Croatia will give land and an office building in Zagreb collectively valued at about $4 million to the city’s Jewish community as restitution for property expropriated during World War II.
According to the World Jewish Restitution Organization, the community will receive a six-story building and a surrounding land parcel owned by the government in the central part of the capital to replace a building once owned by the local Jewish burial society.
The Nazi-allied government confiscated the original building during the war and it was nationalized by the Communist government.
The income from the property will help to fund the operation of the Zagreb Jewish community’s senior-care facility and other communal programs.
“This is a long-awaited, but important first step in addressing the legacy of the Holocaust in Croatia and in ensuring that the Jewish community can continue to revitalize itself in a democratic Croatia,” Daniel Mariaschin, head of the WJRO negotiating team and executive vice president of B’nai B’rith International, said in a news release issued by the WJRO.
The WJRO’s chair of operations, Gideon Taylor, said his group welcomed the decision.
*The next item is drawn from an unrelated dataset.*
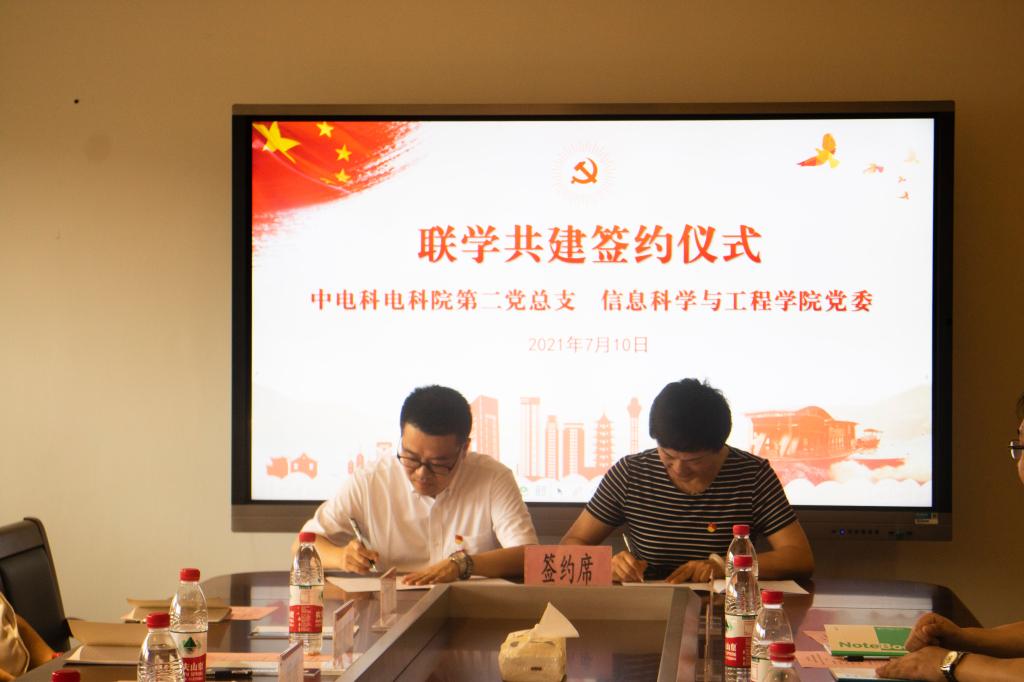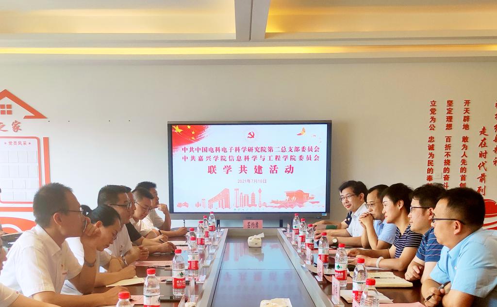 7月10日下午,在我院教工党员之家朱耀东向中电科一行介绍了学院基本情况,谢宏和叶海军就双方党建工作进行了深入交流,并签订了党建结对共建协议。双方表示将进一步着力党的建设,积极探索项目化党建工作新模式,以高度的政治责任感和使命感抓好“结对共建”各项工作,广泛开展技术合作,充分发挥各自优势,努力形成比、学、赶、超的党建工作氛围,进一步激发双方党员担当实干、锐意进取、永远奋斗的干劲和在中心工作、服务大局方面的战斗堡垒作用。最后,大家聆听了我校人文社科处处长彭冰冰教授《红船精神与不忘初心》主题党课。
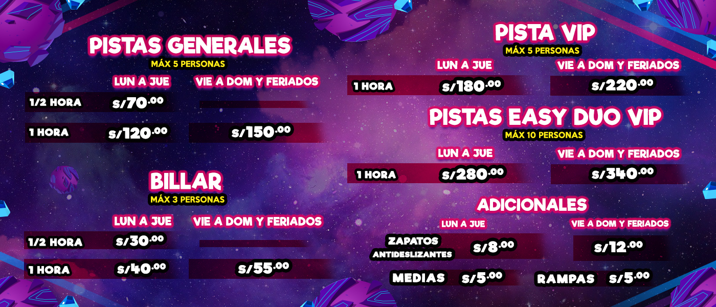 2. El ingreso a las pistas es por orden de llegada según se cancele en caja. Solo se realizan reservaciones para cumpleaños, eventos corporativos y colegios. Si hay tiempo de espera, lo llamaremos cuando llegue su turno. Por favor, acérquese a caja lo antes posible para entregarle el número de pista. Si demora, perderá su turno.

He added, “We ask that the government build on this positive action by returning additional properties to the Jewish community and providing restitution for private and heirless Jewish-owned properties.”
In 1997, the Zagreb Jewish Community filed a claim for the return of the original building, which was built in 1927 by the Jewish burial society.
Croatia’s Jewish communities submitted claims for 135 communal properties under Croatia’s 1996 restitution law, but only 15 non-cemetery properties have been returned, according to the WRJO, which noted that the country’s restitution law does not apply to property seized during the Holocaust or allow claims by citizens of most foreign countries. Croatia also has not provided restitution for heirless Jewish-owned property confiscated during the Holocaust.
Before World War II, more than 25,000 Jews lived in what is now Croatia; about 6,000 survived. Today, some 2,000 Jews live in Croatia, mostly in Zagreb.